1. **Environment Variables**: Set all required environment variables
2. **SSL/TLS**: Use WSS for secure WebSocket connections
3. **Load Balancing**: Consider multiple server instances
4. **Session Storage**: Use Redis or database for session persistence
5. **Monitoring**: Implement health checks and metrics collection
6. **Logging**: Configure log rotation and external logging service

### Docker Deployment

```dockerfile
FROM python:3.9-slim

WORKDIR /app
COPY requirements.txt .
RUN pip install -r requirements.txt

COPY . .
EXPOSE 9000

CMD ["python", "main_uninterruptable2.py"]
```

## Troubleshooting

### Common Issues

1. **Connection Refused**: Check if server is running on correct port
2. **Missing clientId**: Ensure clientId parameter is provided in URL
3. **API Errors**: Verify FastGPT API credentials and network connectivity
4. **Model Loading**: Check if ONNX model files are accessible

### Debug Mode

Enable debug logging by modifying the logging level in the code or environment variables.

### Health Check

The server doesn't provide a built-in health check endpoint.
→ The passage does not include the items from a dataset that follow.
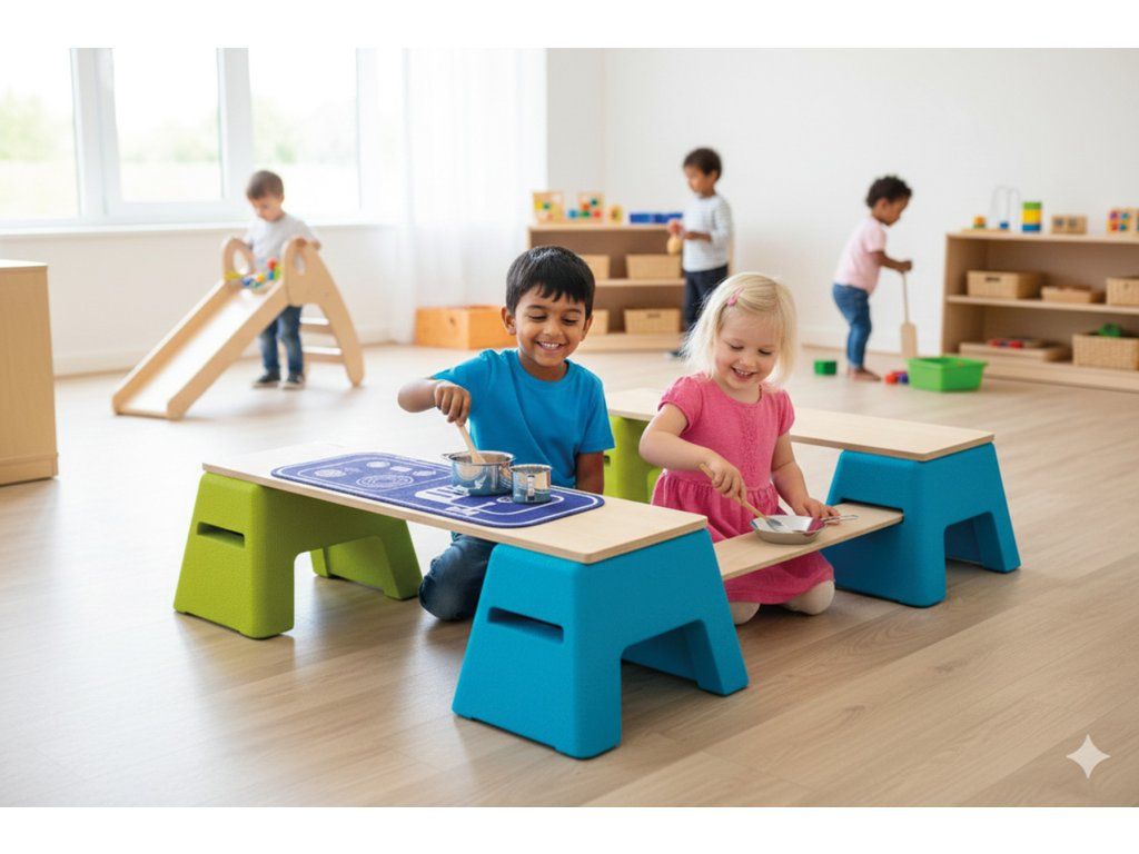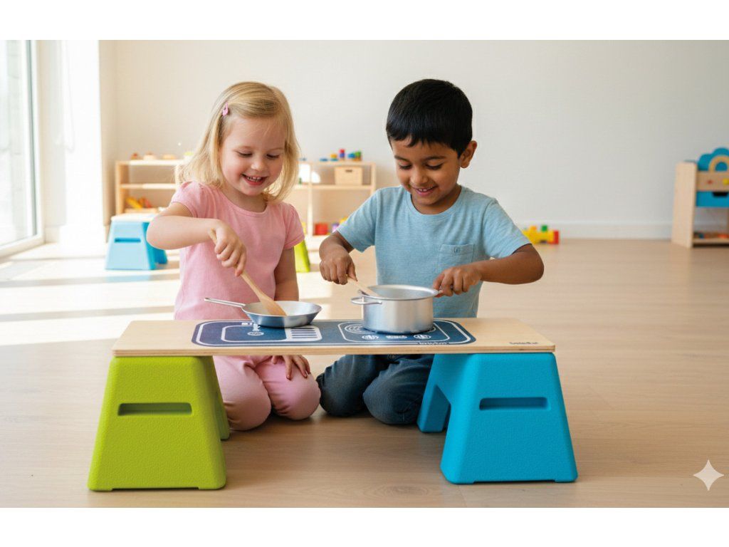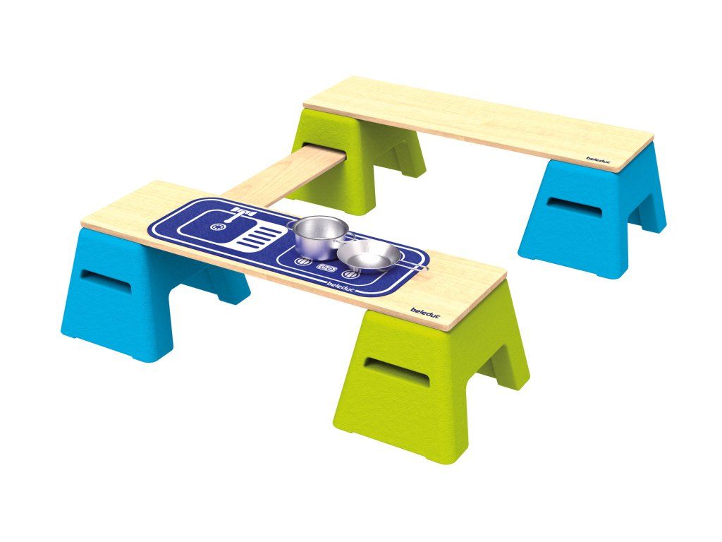 Dva kompaktní blokové prvky z materiálu EPP lze snadno sestavit se sedáky a spojovacími deskami a vytvořit tak dlouhé sedací soupravy. Toto uspořádání zajišťuje, že každé dítě má útulné místo pro skupinové aktivity a hry, čtení pohádek nebo si prostě jen užívat společné klidné chvíle. Lavice se stejně rychle promění v hrací stoly, u kterých si mohou pohodlně hrát i ti nejmenší. Jejich výška vhodná pro děti podporuje samostatnou práci a kreativní hru. Sada obsahuje také oboustrannou plstěnou podložku s potiskem dvou poutavých motivů: Housenka s čísly vybízí k hravému objevování prvních čísel a porozumění množstvím. Druhá strana zobrazuje motiv kuchyně, který inspiruje k nápadité hře rolí.Diskuze
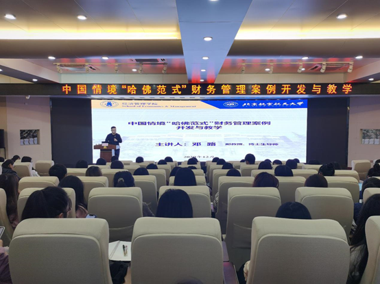 进行学术交流。下午三点,邓路教授在商学院128报告厅进行了主题为“中国情境‘哈佛范式’财务管理案例开发与教学”的学术报告。报告由商学院财务与会计系副主任唐妤老师主持。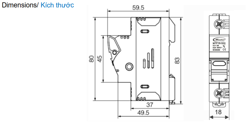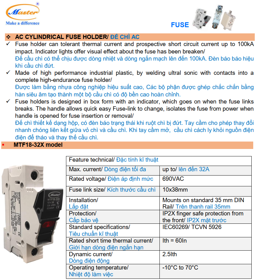 - Sử dụng với cầu chì ống size: 10x38, dòng max: 32 A.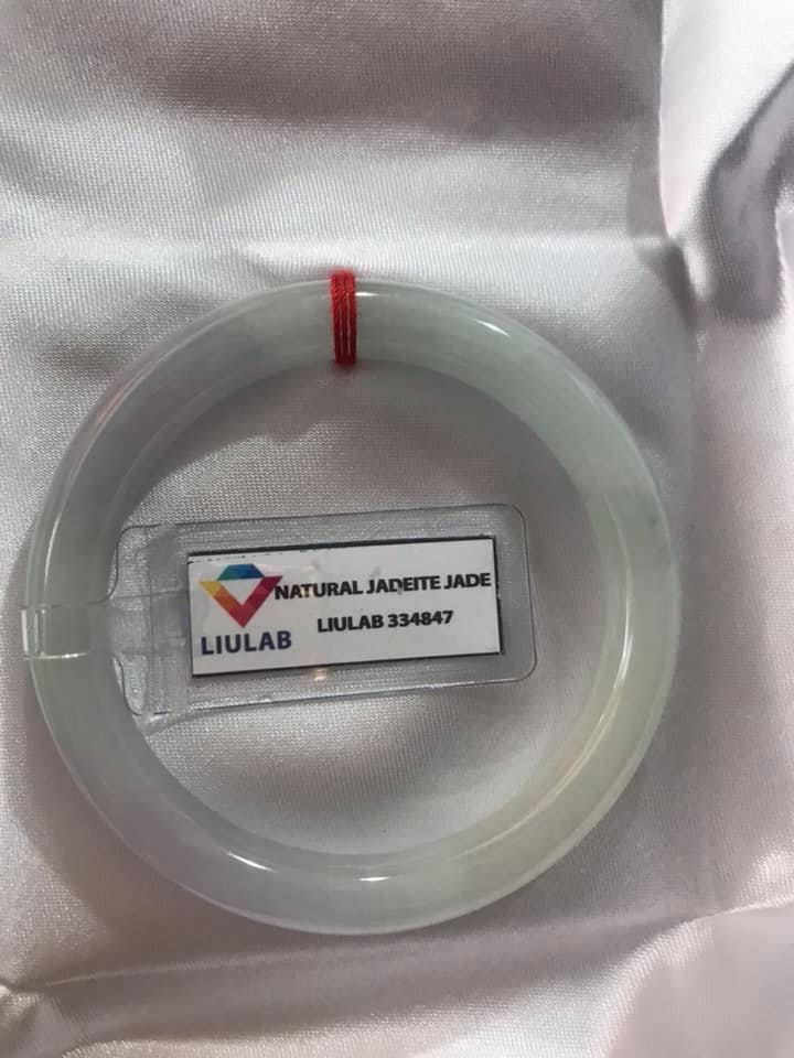 ✨VÒNG CẨM THẠCH TỰ NHIÊN TRẮNG TÍM SỊN 50mm x Dầy 8mm KÈM GIẤY KIỂM ĐỊNH LIULAB 334847 MÀU TRẮNG LAM TÍM NHẸ 1 BÊN ĐIỂM XANH NHẸ ĐẸP LẮM NỮ 50Kg - 55kg ĐEO ĐẸP Ạ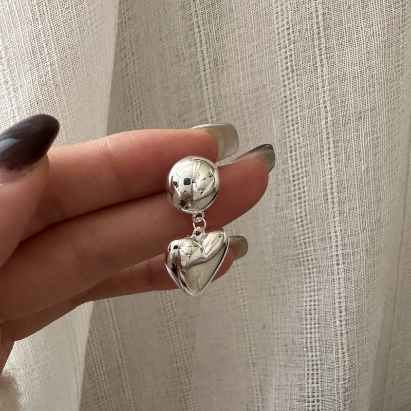 Pendientes de Bola de Amor de Plata de Ley S925, Versión Coreana, Diseño de Nicho, Estilo Retro Simple, Accesorio de Moda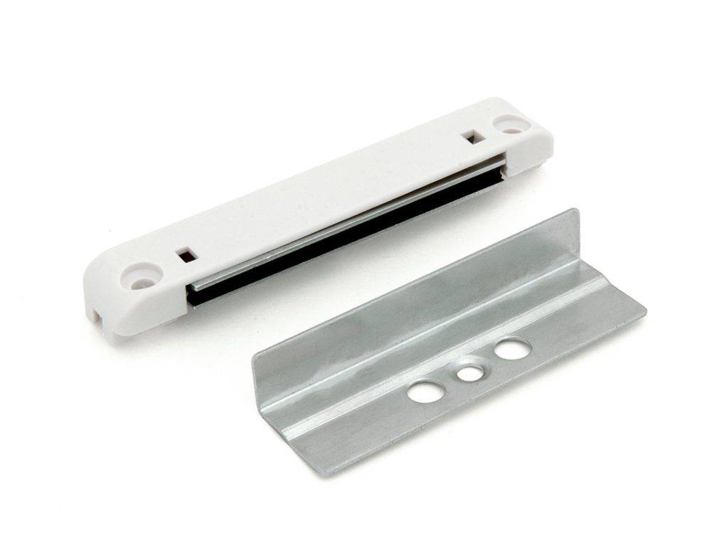 Магнитные защелки включают две основные детали:магнит, который устанавливается на корпус двери (коробе); он «спрятан» в пластиковый корпус, который прикручивается саморезами; а также пластины из металла (стали), которая притягивается к магниту и за счет этого удерживает полотно. Такая пластинка фиксируется на створке.

Consider implementing one for production monitoring.

## API Reference

### WebSocket Events

| Event | Direction | Description |
|-------|-----------|-------------|
| `open` | Client | Connection established |
| `message` | Bidirectional | Message exchange |
| `close` | Client | Connection closed |
| `error` | Client | Connection error |

### Message Types Summary

| Type | Direction | Description |
|------|-----------|-------------|
| `USER_INPUT` | Client → Server | Send user message |
| `AI_RESPONSE` | Server → Client | Receive AI response |
| `ERROR` | Server → Client | Error notification |

## License

This WebSocket server is part of the turn detection request project. Please refer to the main project license for usage terms.